**THE RECORDS:**

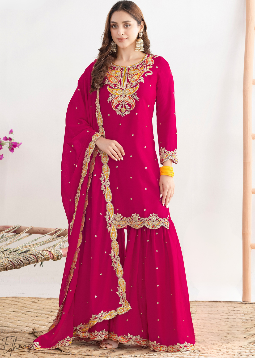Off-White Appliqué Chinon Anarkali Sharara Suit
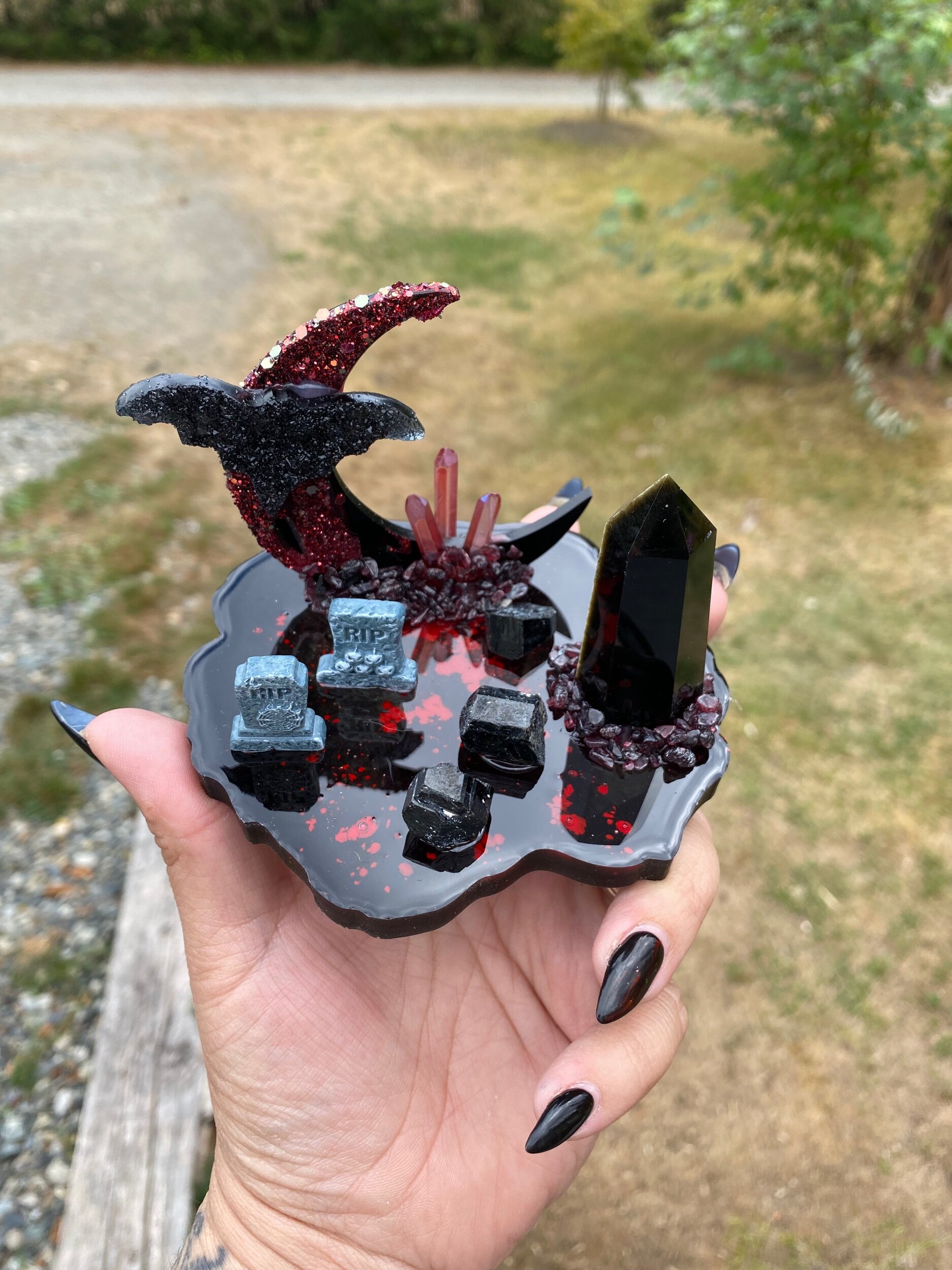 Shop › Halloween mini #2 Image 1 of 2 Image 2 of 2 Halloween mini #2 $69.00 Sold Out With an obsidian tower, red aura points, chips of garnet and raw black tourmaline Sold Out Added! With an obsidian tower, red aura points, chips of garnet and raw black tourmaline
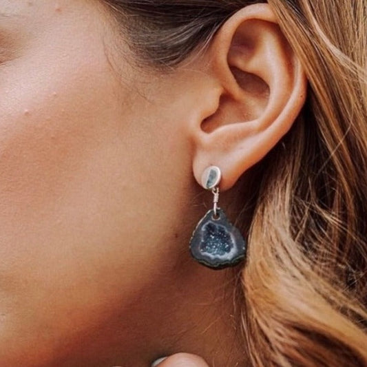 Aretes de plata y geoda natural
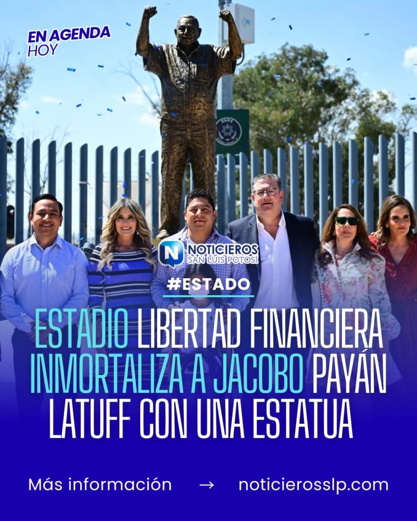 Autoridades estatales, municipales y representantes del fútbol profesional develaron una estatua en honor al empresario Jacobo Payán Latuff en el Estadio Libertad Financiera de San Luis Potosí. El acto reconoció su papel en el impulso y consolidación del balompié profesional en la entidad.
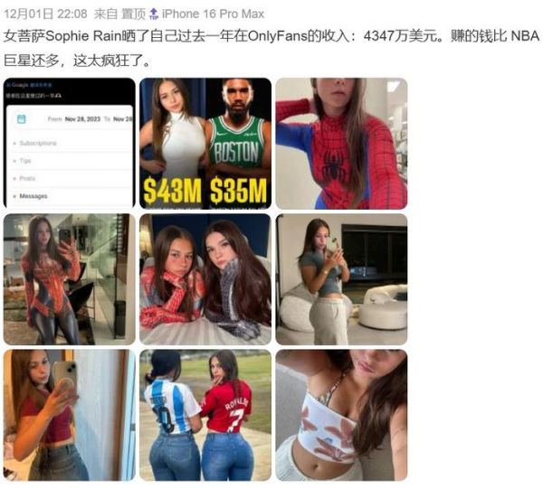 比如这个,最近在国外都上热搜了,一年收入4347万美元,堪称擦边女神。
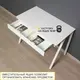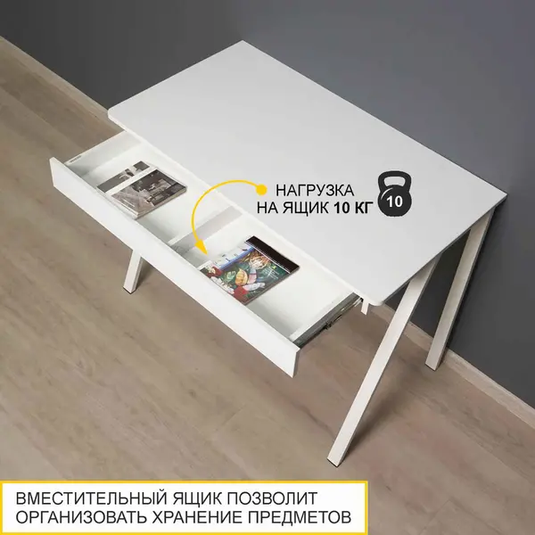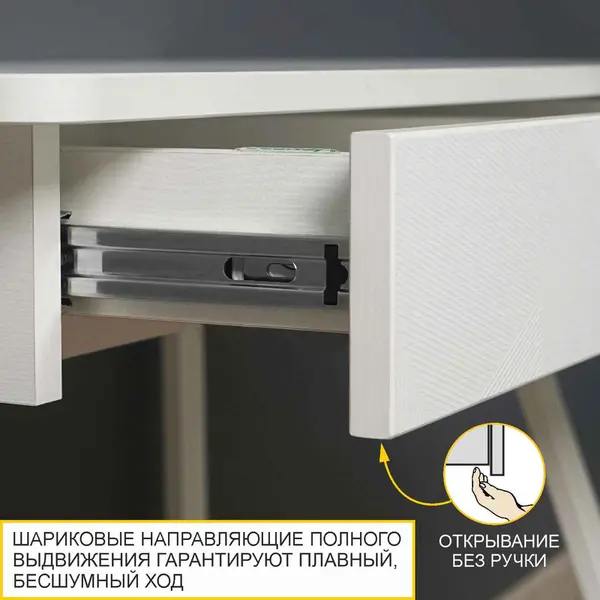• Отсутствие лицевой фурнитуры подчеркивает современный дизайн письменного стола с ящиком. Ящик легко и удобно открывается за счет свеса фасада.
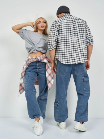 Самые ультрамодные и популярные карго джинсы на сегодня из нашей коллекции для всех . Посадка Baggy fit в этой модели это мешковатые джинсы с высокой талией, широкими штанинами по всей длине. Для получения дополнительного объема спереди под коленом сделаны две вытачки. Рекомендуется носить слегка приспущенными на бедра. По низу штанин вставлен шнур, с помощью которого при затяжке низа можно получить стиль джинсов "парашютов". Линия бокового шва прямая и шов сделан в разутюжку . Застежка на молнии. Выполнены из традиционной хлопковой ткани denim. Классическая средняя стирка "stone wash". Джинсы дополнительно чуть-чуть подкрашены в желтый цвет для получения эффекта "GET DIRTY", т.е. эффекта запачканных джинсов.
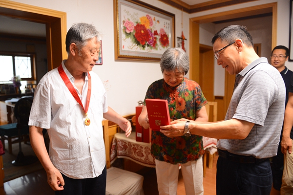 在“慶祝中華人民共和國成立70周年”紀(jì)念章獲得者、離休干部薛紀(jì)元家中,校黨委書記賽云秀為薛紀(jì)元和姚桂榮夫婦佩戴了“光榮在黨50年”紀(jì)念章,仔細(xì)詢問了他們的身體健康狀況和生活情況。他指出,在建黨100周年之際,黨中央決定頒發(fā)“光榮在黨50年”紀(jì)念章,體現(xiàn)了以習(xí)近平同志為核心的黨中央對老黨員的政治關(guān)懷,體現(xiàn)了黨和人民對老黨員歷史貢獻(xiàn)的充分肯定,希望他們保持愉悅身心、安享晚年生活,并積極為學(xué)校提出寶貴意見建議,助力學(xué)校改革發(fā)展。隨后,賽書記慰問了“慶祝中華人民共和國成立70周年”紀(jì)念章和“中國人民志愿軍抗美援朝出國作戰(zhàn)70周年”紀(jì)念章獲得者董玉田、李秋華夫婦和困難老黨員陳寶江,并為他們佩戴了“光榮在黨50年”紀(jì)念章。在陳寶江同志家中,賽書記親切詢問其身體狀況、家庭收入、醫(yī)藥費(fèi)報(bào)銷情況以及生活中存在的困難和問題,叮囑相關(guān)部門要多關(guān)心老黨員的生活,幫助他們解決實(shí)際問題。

**TASK:** Repeat each line of the records exactly, dropping the pictures.

**ANSWER SPACE:**
Off-White Appliqué Chinon Anarkali Sharara Suit
 Shop › Halloween mini #2 Image 1 of 2 Image 2 of 2 Halloween mini #2 $69.00 Sold Out With an obsidian tower, red aura points, chips of garnet and raw black tourmaline Sold Out Added! With an obsidian tower, red aura points, chips of garnet and raw black tourmaline
 Aretes de plata y geoda natural
 Autoridades estatales, municipales y representantes del fútbol profesional develaron una estatua en honor al empresario Jacobo Payán Latuff en el Estadio Libertad Financiera de San Luis Potosí. El acto reconoció su papel en el impulso y consolidación del balompié profesional en la entidad.
 比如这个,最近在国外都上热搜了,一年收入4347万美元,堪称擦边女神。
• Отсутствие лицевой фурнитуры подчеркивает современный дизайн письменного стола с ящиком. Ящик легко и удобно открывается за счет свеса фасада.
 Самые ультрамодные и популярные карго джинсы на сегодня из нашей коллекции для всех . Посадка Baggy fit в этой модели это мешковатые джинсы с высокой талией, широкими штанинами по всей длине. Для получения дополнительного объема спереди под коленом сделаны две вытачки. Рекомендуется носить слегка приспущенными на бедра. По низу штанин вставлен шнур, с помощью которого при затяжке низа можно получить стиль джинсов "парашютов". Линия бокового шва прямая и шов сделан в разутюжку . Застежка на молнии. Выполнены из традиционной хлопковой ткани denim. Классическая средняя стирка "stone wash". Джинсы дополнительно чуть-чуть подкрашены в желтый цвет для получения эффекта "GET DIRTY", т.е. эффекта запачканных джинсов.
 在“慶祝中華人民共和國成立70周年”紀(jì)念章獲得者、離休干部薛紀(jì)元家中,校黨委書記賽云秀為薛紀(jì)元和姚桂榮夫婦佩戴了“光榮在黨50年”紀(jì)念章,仔細(xì)詢問了他們的身體健康狀況和生活情況。他指出,在建黨100周年之際,黨中央決定頒發(fā)“光榮在黨50年”紀(jì)念章,體現(xiàn)了以習(xí)近平同志為核心的黨中央對老黨員的政治關(guān)懷,體現(xiàn)了黨和人民對老黨員歷史貢獻(xiàn)的充分肯定,希望他們保持愉悅身心、安享晚年生活,并積極為學(xué)校提出寶貴意見建議,助力學(xué)校改革發(fā)展。隨后,賽書記慰問了“慶祝中華人民共和國成立70周年”紀(jì)念章和“中國人民志愿軍抗美援朝出國作戰(zhàn)70周年”紀(jì)念章獲得者董玉田、李秋華夫婦和困難老黨員陳寶江,并為他們佩戴了“光榮在黨50年”紀(jì)念章。在陳寶江同志家中,賽書記親切詢問其身體狀況、家庭收入、醫(yī)藥費(fèi)報(bào)銷情況以及生活中存在的困難和問題,叮囑相關(guān)部門要多關(guān)心老黨員的生活,幫助他們解決實(shí)際問題。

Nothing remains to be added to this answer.